Сигизмунд не отвечал, но, по мере того как пешеходы приближались, его решимость крепла. Испытывая к Мазо благодарность, он сомневался в том, что сумеет исполнить свой долг, и эти сомнения заставили его поторопиться. Подстегивала, как ни странно, мысль о недавнем несчастье сестры: хотелось, вопреки всему, действовать по справедливости. Встав посередине тропы, Сигизмунд дождался, пока путники подойдут ближе; монах спокойно стоял с ним рядом. Когда они приблизились настолько, что стали слышны голоса, юноша разглядел спутников Маледетто: Пиппо и Конрада. С ними он уже несколько раз встречался и изучил их настолько, чтобы узнавать с первого взгляда, поэтому ему пришло на ум, что предприятие, которое он затеял, может оказаться опаснее, чем представлялось вначале. Если дело дойдет до сопротивления, ему придется в одиночку схватиться с троими.

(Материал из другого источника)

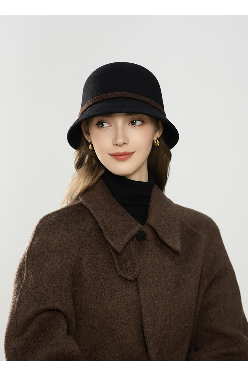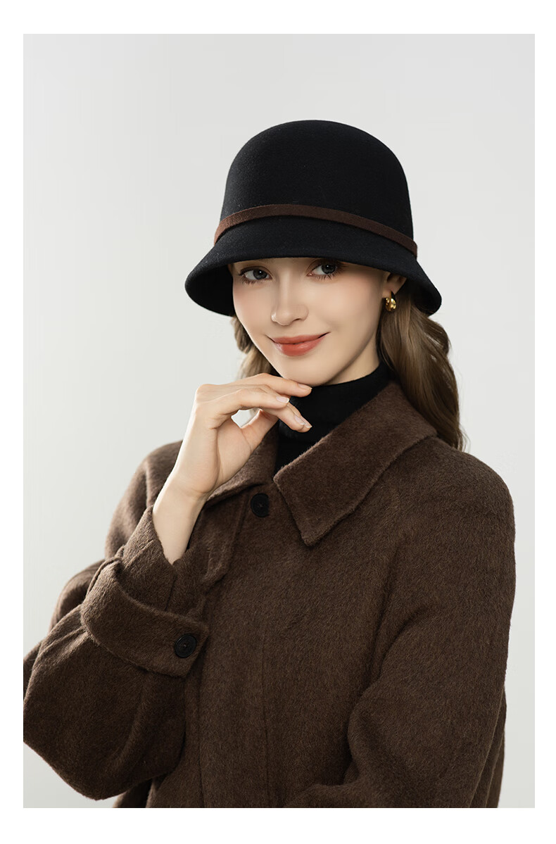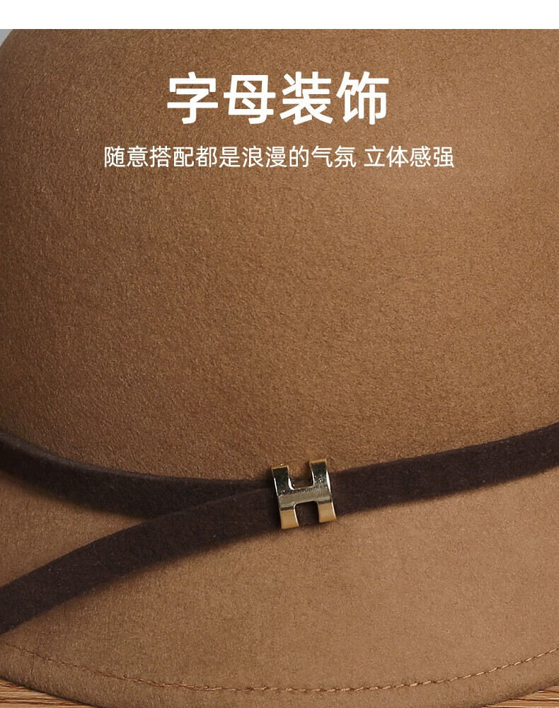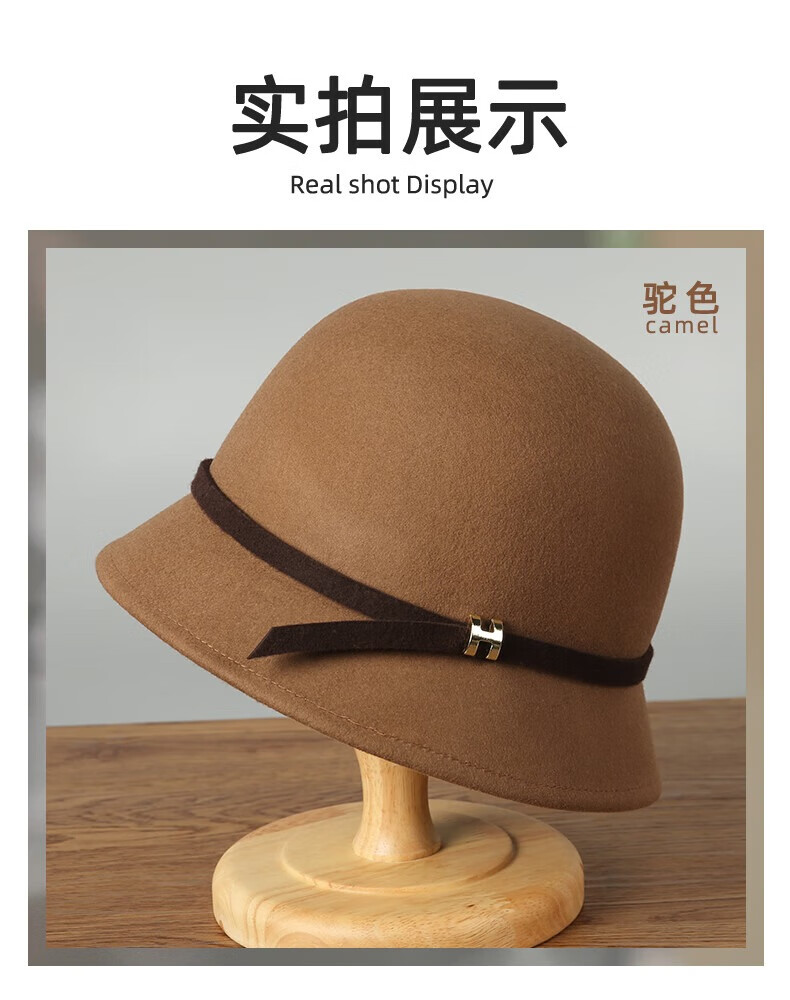 Lanshimengdai 2025 new autumn and winter retro wool basin hat top hat for women, elegant temperament, versatile hat, fashionable and elegant, camel 56-58cm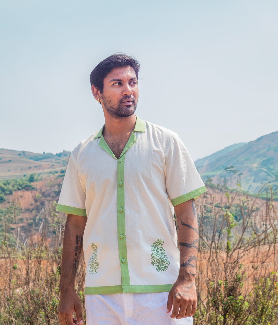 This unisex sky blue shirt is made from soft mul cotton and features hand block...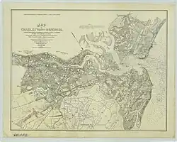 The Union besieged the fort after the unsuccessful assault. By August 25, Union entrenchments were close enough to attempt an assault on the Advanced Rifle Pits, 240 yards in front of the Battery, but this attempt was defeated. A second attempt, by the 24th Mass. Inf., on August 26 was successful. After enduring almost 60 days of heavy shelling, the Confederates abandoned it on the night of September 6–7, 1863. withdrawing all operable cannons and the garrison.[25][26]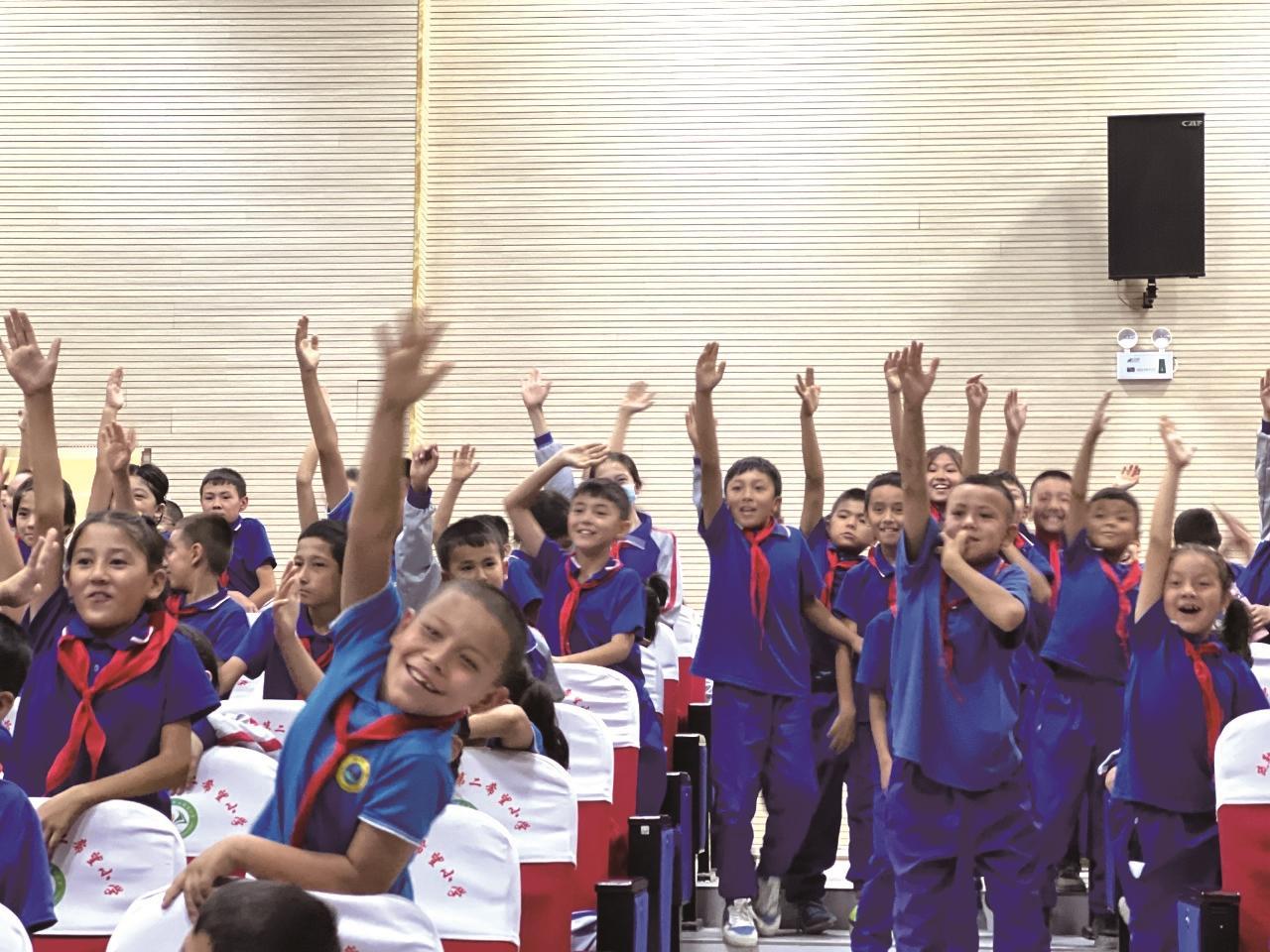 9月16日至17日,“科学教育天山行”之实验探秘校园行活动走进新疆维吾尔自治区喀什市疏勒县东营第二希望小学、疏勒县英尔力克乡中学(齐鲁第三中学)、伽师县巴仁镇第四小学、伽师县巴仁镇第五中学。河南省郑州科学技术馆实验展演团队(以下简称“郑州科技馆团队”)、北京市紫竹院公园管理处实验展演团队(以下简称“紫竹院公园团队”)分别为近2000名学生带来沉浸式科学实验展演——《速影寻真》《季节起始与音乐定音,古人用几根竹竿就搞定了》,这两支团队曾分别在全国科学实验展演汇演活动中获得特等奖与一等奖。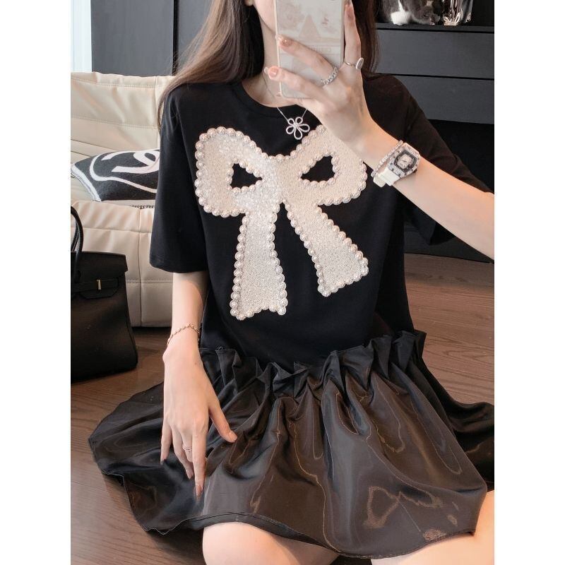 絶対欲しい ファッション リボン 切り替え ワンピース<ins-8294>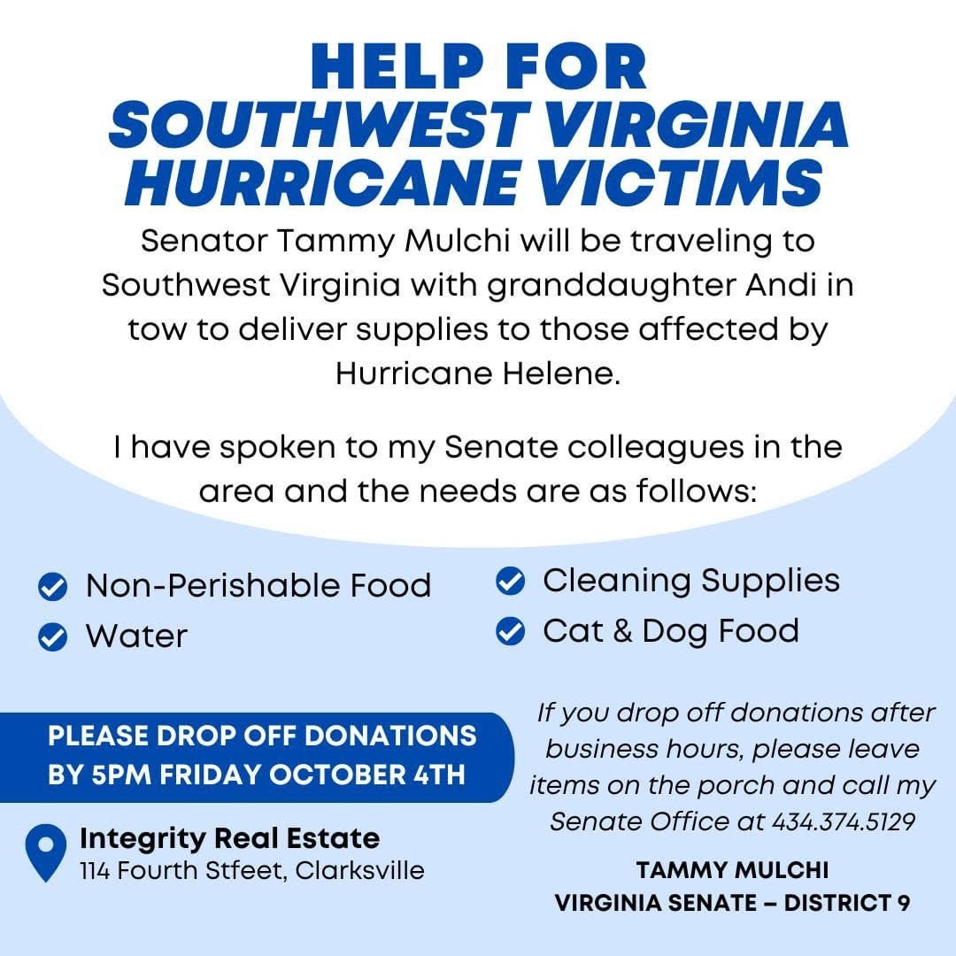 As your Senator, I am determined to ensure that no one is left behind in this recovery. This weekend, I will transport supplies to Southwest Virginia, and I need your help.

— Buon giornonote 161, синьор капитан, — вскричал Мазо, приподнимая шляпу, когда поравнялся с Сигизмундом. — Провидение сводит нас то и дело, при любой погоде, днем и ночью, на суше и на море, в долинах и горах, в городе и среди голых скал. Чем больше наблюдаешь, тем лучше узнаешь человека, так что со временем мы хорошо изучим друг друга!

— Метко замечено, Мазо, хотя мне сдается, что тебя легче встретить, чем понять.

— Синьор, я, вроде Неттуно, существо земноводное. Не поддаюсь классификации, как сказали бы ученые. За бурную ночь нам дан в возмещение прекрасный день: спуск в Италию обещает быть куда приятней, чем подъем. Не распорядиться ли мне, чтобы честный Джакомо из Аосты приготовил ужин и проветрил постели для всей компании, которая явится следом? Ведь к вечеру, когда прекрасных дам начнет одолевать зевота, вы едва-едва успеете добраться до его постоялого двора.

— Покидая этим утром Прибежище, я думал, что ты в одной компании с нами!

— Клянусь святым Томмазо, синьор, я и сам так думал о вас!

— Ты, должно быть, вышел очень рано, иначе бы не опередил меня настолько?

— Видите ли, храбрый синьор Сигизмунд — а я знаю, что вы храбрый, да и как пловец почти ни в чем не уступаете моему удалому Неттуно, — нам, странникам, нужно ценить время, это едва ли не все, что у нас есть. Мы, труженики моря, бываем то богаты, то бедны — смотря куда подует ветер; вот и сейчас мне приходится бороться с жестоким штормом и бурными волнами. При такой жизни чем раньше встанешь утром, тем сытнее поешь и слаще уснешь в конце дня. Я ушел, когда все в Прибежище, даже мулы, еще безмятежно почивали (включив мулов в число почивавших путешественников, Мазо улыбнулся собственным словам), и добрался до монастыря, едва лишь первые солнечные лучи окрасили в пурпур вот тот снежный пик.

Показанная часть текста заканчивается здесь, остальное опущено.